Chapter 24
I decide that I ought to see a therapist. If my mom can do it, I certainly can too. I book an appointment with a woman I find on a website with local listings.
Her name is Jennifer, and she has a kind face and a disarming air that makes me feel like I can tell her anything. Her office is decorated in earth tones and shelves full of framed images with inspirational quotes from famous thinkers. We discuss the rootlessness of my childhood, the strained relationship with my mother, my breakup with Rob. She’s shocked when I tell her what our parents did. I talk about Charlie and the weekend I spent falling for him, and the end of it all. We talk about what moving on looks like.
It takes a month for me to start to feel like myself again, for me to return to venturing out with friends, and going back to cooking real meals and not just boiling pasta every night. My mom and I start having regular phone calls. She had a wonderful trip to the Maldives, and she and Michael are house hunting in Northwest DC, ready to move out of the apartment they’ve been sharing. She talks about getting a dog, which is something that she’s never been interested in before because it wasn’t conducive to her transient lifestyle.
She tells me more about all the work she’s doing with Jeanine and tells me that Peg has gotten Walter to start doing yoga with her, and that he actually thanked her for opening that door for him. Apparently, he’s lost weight, and all the stretching has been good for his back swing and his golf game is the best it’s ever been. I wish I could share this with Charlie. He would find it absolutely hilarious.
At work, Donna announces our next push, and we all buckle down. I’m grateful for the added pressure at work. It means my mind will be extra occupied, and maybe the constant, dull ache in my heart won’t be the first thing I think about every morning.
Another month passes, and I’ve begun to let go. I’ve begun to accept that Charlie was like a comet—a flash of brightness across a dark expanse, lighting everything up in an astonishing display—but fleeting and mysterious. Donna tells us all that she’s going to be out for the next two days. She sits on the board of a nonprofit dedicated to protecting watersheds, and she’s on their hiring committee.

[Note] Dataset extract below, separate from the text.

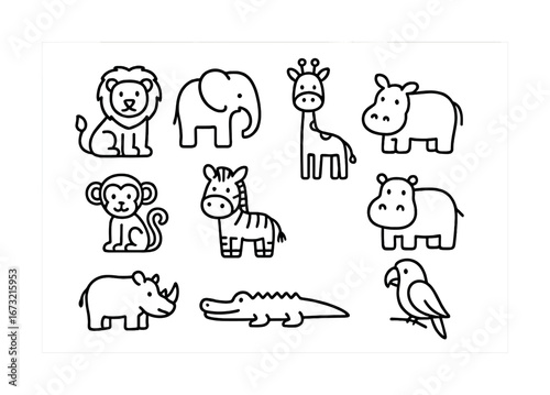 Simple cartoon jungle animals: lion, elephant, giraffe, and more

While she’s out, things relax a little bit, as they are wont to do when the boss is out of the office. In the middle of the afternoon, Casey, our intern—a role I once filled, before I was hired—flicks a folded-up paper triangle at me, and we end up abandoning our work for a game of table football that the whole office gets into.

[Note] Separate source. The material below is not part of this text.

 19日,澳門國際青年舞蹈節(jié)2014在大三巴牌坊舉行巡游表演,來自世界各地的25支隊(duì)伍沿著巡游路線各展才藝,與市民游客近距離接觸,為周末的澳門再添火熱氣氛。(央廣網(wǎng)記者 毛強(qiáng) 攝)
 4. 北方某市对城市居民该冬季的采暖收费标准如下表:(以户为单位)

At the end of the week, Donna is back, with her wife in tow, and announces an impromptu office party. The bottle of bourbon emerges from her bottom desk drawer, and we fill paper Dixie cups and ask what we’re celebrating.
“Blue Water found their candidate, and he accepted the position today. He starts in a week,” she says with delight. Ordinarily, hiring someone for another agency isn’t cause for celebration, and I suspect that Donna is just in the mood. The new hire will be focused on reducing the use of harmful chemicals in industrial farming.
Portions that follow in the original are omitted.